### Exercise data
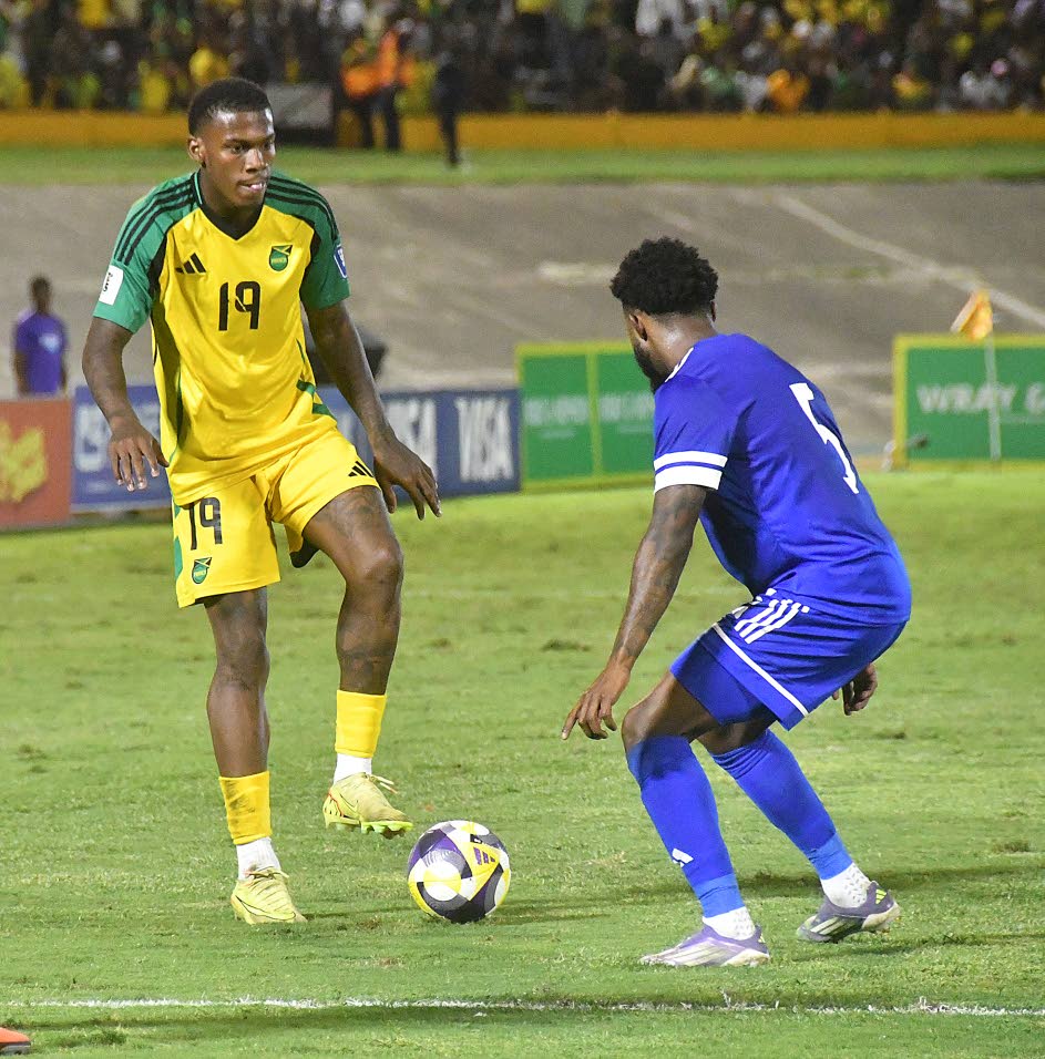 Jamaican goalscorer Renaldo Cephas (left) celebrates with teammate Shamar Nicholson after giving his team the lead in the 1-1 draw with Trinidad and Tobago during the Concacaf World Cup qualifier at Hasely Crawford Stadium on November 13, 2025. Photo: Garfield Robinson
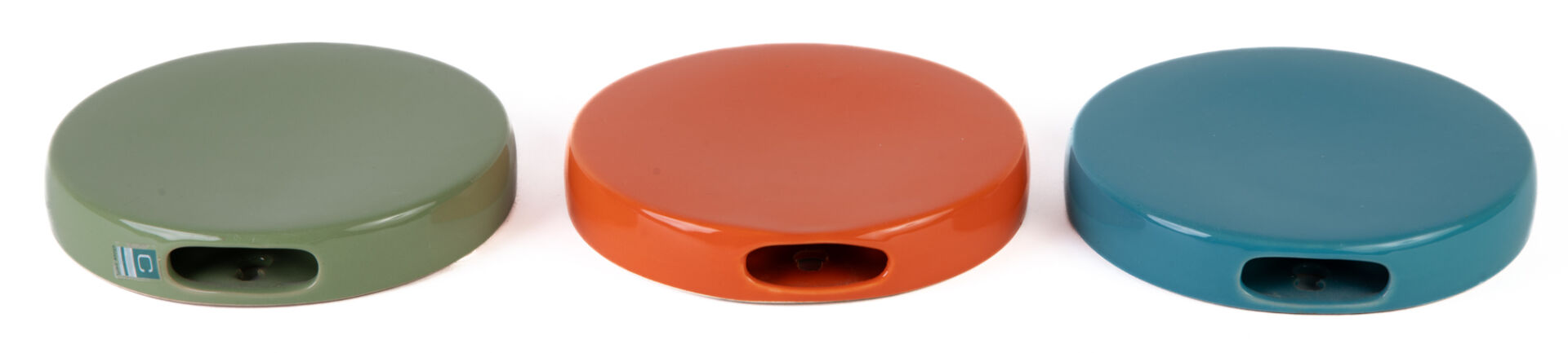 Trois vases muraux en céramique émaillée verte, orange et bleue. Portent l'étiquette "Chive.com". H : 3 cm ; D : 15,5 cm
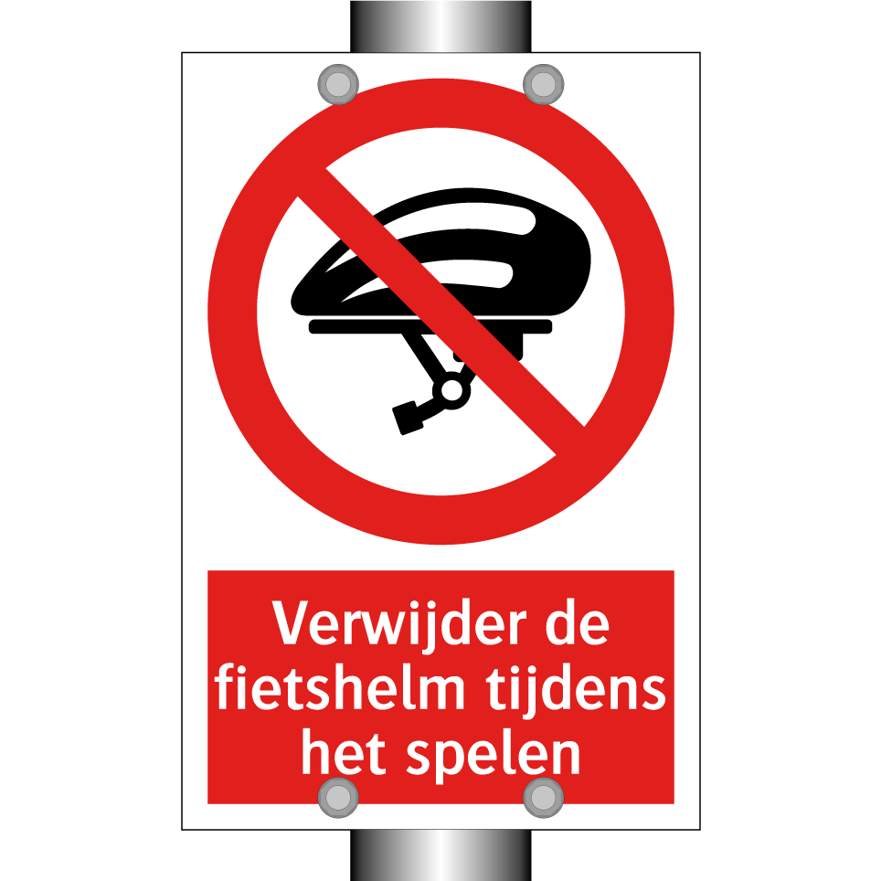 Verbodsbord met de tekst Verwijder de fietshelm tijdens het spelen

### What is being asked
Write out the whole listing again, exactly, with no pictures.

### Solution for this task
 Jamaican goalscorer Renaldo Cephas (left) celebrates with teammate Shamar Nicholson after giving his team the lead in the 1-1 draw with Trinidad and Tobago during the Concacaf World Cup qualifier at Hasely Crawford Stadium on November 13, 2025. Photo: Garfield Robinson
 Trois vases muraux en céramique émaillée verte, orange et bleue. Portent l'étiquette "Chive.com". H : 3 cm ; D : 15,5 cm
 Verbodsbord met de tekst Verwijder de fietshelm tijdens het spelen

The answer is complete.